Generating code with Sourcegraph Cody on a scale

Please use this article only for learning purposes. Many risk aspects should be considered before using in real products

What is Cody?

Sourcegraph Cody is GenAI product which we are using in our team. This article is not promote the tool - but mainly to share the experience working with AI, the tooling for AI, and applying those tooling for specific goals. I'm quite sure there are plenty of other similar tools available and there will be many more.

Basically main Cody UI is not even the web app but VS Code extension. It's very similar to Co-pilot or another extensions.

Basically you do almost same as in chatGPT but it is also integrated with your code.

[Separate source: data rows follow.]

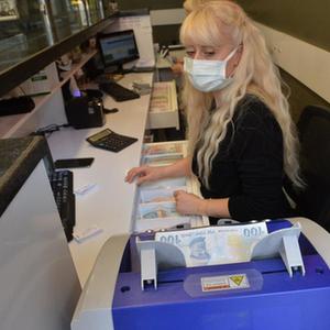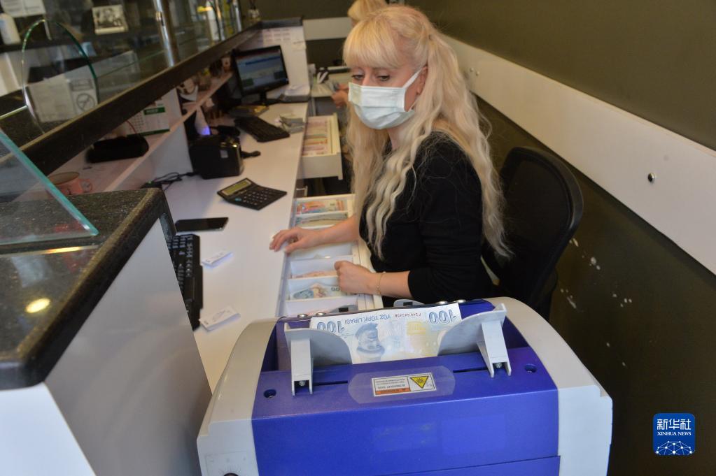 10月20日,工作人員在土耳其安卡拉的一處貨幣兌換點清點紙幣。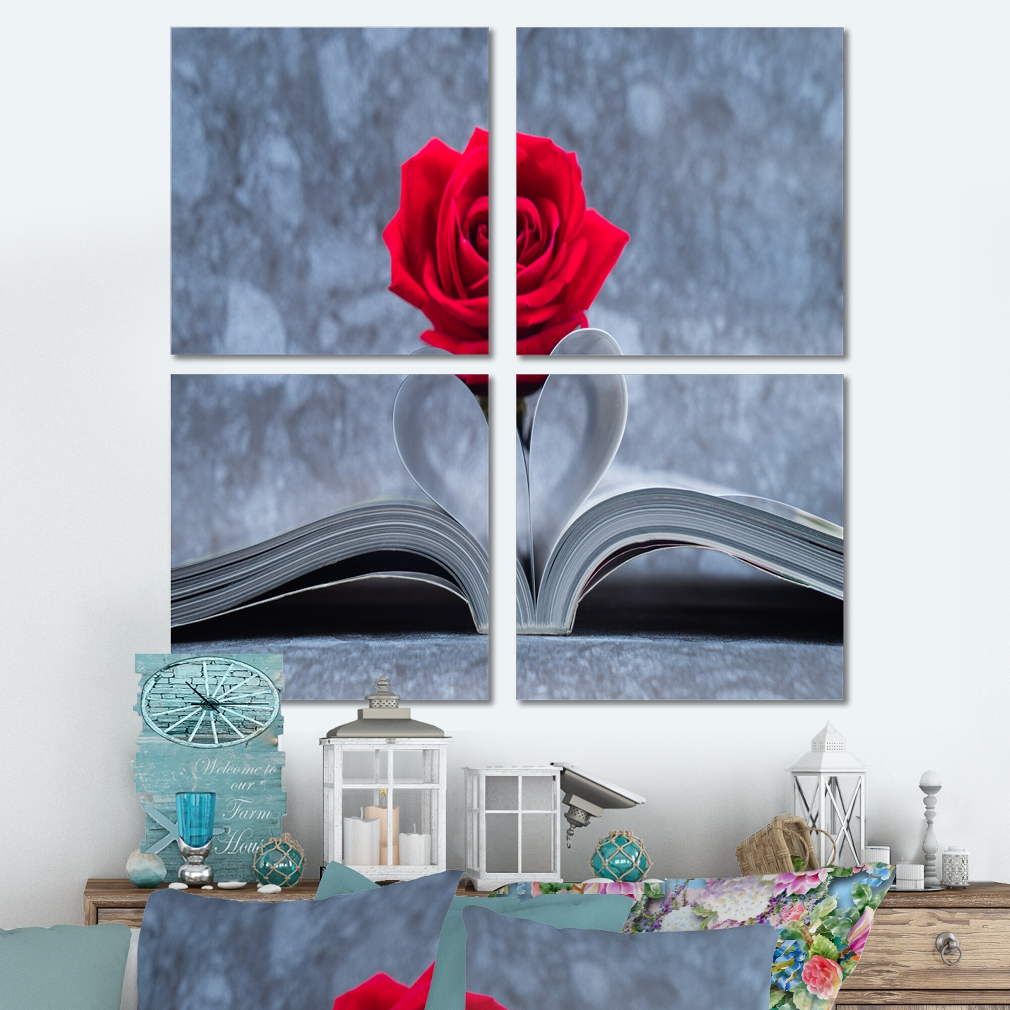 Designart "Red Rose Inside the Book" Floral Canvas Wall Art Print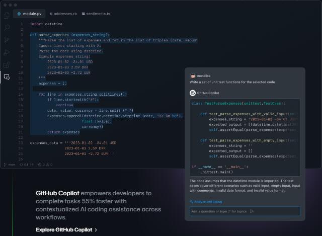 生成测试代码:GitHub Copilot可以根据开发者的要求生成测试代码,以确保代码的正确性和稳定性,保证了代码编写的质量。

There are even alternative IDEs like Cursor AI which are doing similar things in own IDE, not as extension.


example of UI

Few years back I could only dream about something like this but having it now I started feeling like I want more, way more than this. I want to be able to write scripts, prompts, CI/CD pipelines and use AI features from there. The main tool to achieve this is API of course - it delivers all available features, can be called in complex scenarios, including streaming large files, parallel runs and all other cool stuff. But at the same time it comes with a cost of development and complexity of your solution. What can be the alternative? Usually is CLI.


What is Cody CLI?

Luckily Cody also comes not only with API but with CLI which despite being experimental is quite useful already.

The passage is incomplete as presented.